These are variants lacking evidence for classification as pathogenic or likely pathogenic (5). Examples include novel missense variants in constrained genes where the amino acid substitution is predicted to have a deleterious effect upon protein function. Any individual has about 100 variants of this type and should be treated as “uncertain until proven guilty” (18).

Why are errors in the interpretation of genetic variants common in both academic and diagnostic reports?

Misinterpretation of genetic variants is common, both in the published literature (19) and in reports from diagnostic laboratories. Next-generation sequencing technology has facilitated both the ease and scale of genetic testing, but obtaining genotype data is far more straightforward than interpreting it correctly.

Academic studies often use bespoke criteria for defining pathogenicity rather than applying guidelines developed to improve the quality and consistency of variant interpretation (5). Studies may base their variant classifications solely on in silico prediction of pathogenicity using tools such as REVEL or SIFT, PolyPhen, and MutationTaster that provide only supporting evidence within the ACMG/AMP guidelines framework recommended for diagnostic reporting (5).

The availability of large variant data sets such as the gnomAD (11) has shown that many previously reported pathogenic variants are too common to be highly penetrant disease-causing variants (20). In some cases the evidence supporting gene-disease associations is no longer valid, but publications refuting these genes are rare and may consider only a single putative mutation (21, 22). The utility of population variant databases will increase as more exome and genome sequence data are aggregated from a wider range of populations (11).

An overemphasis on bioinformatic tools for predicting pathogenicity has resulted in false positive assertions. Although curated databases of pathogenic/likely pathogenic variants are widely used, the level of curating varies, and there are often insufficient data available for users to assess the provenance of individual variant pathogenicity assertions.

The prior probability of a monogenic etiology is an important consideration for variant classification. For monogenic diabetes the prior probability will be low because only a small proportion of patients with diabetes have a monogenic subtype (3.6% of patients diagnosed at age ≤ 30 years; ref. 23). Sensitivity/specificity estimates for pathogenicity prediction tools like REVEL and PolyPhen are calculated from a set of pathogenic and benign variants in genes with a higher likelihood of a monogenic etiology (24).

How can the accuracy of variant interpretation and reporting be improved?

A number of initiatives are addressing various aspects of variant interpretation. For example the NIH-funded ClinGen resource (https://clinicalgenome.org/) includes curating of gene-disease validity evidence, the ClinVar variant repository, and expert groups developing gene- or disease-specific criteria for variant classification. Sharing genetic variant data on a global scale is an essential requirement (25).

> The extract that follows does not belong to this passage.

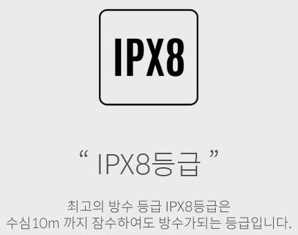 최고의 방수 등급 IPX8 등급은 수심 10m 까지 잠수하여도 방수가 되는 등급입니다

The ACMG/AMP variant classification guidelines have been adopted in many countries, and we recommend that all academic studies use these guidelines for variant classification (5). Genetic testing for clinical diagnosis should be performed in an accredited laboratory that participates in external quality assessment schemes that include variant classification.

Conclusion

We have entered a new era in which the generation of massive quantities of accurate genetic data from an individual is no longer difficult, but the new challenge is how to correctly interpret this data. This Viewpoint emphasizes how disease-specific expertise is required when interpreting genetic data and how failure to use this information will result in errors. Misdiagnosis not only affects the individual patients for whom testing is being performed but also can be amplified through predictive testing of relatives and use of incorrect variant classifications in databases and publications for interpretation of the same variant in other patients. Accurate genetic diagnosis is needed to predict disease prognosis and guide clinical management.

Acknowledgments

SE and ATH are Wellcome Senior Investigators (098395/Z/12/Z). ATH is a Senior Investigator at the National Institute for Health Research and is supported by the National Institute for Health Research Exeter Clinical Research Facility. KAP has a postdoctoral fellowship funded by the Wellcome Trust (110082/Z/15/Z).

Version 1. 12/09/2019

Electronic publication

Version 2. 01/02/2020

Print issue publication

Footnotes

Conflict of interest: The authors have declared that no conflict of interest exists.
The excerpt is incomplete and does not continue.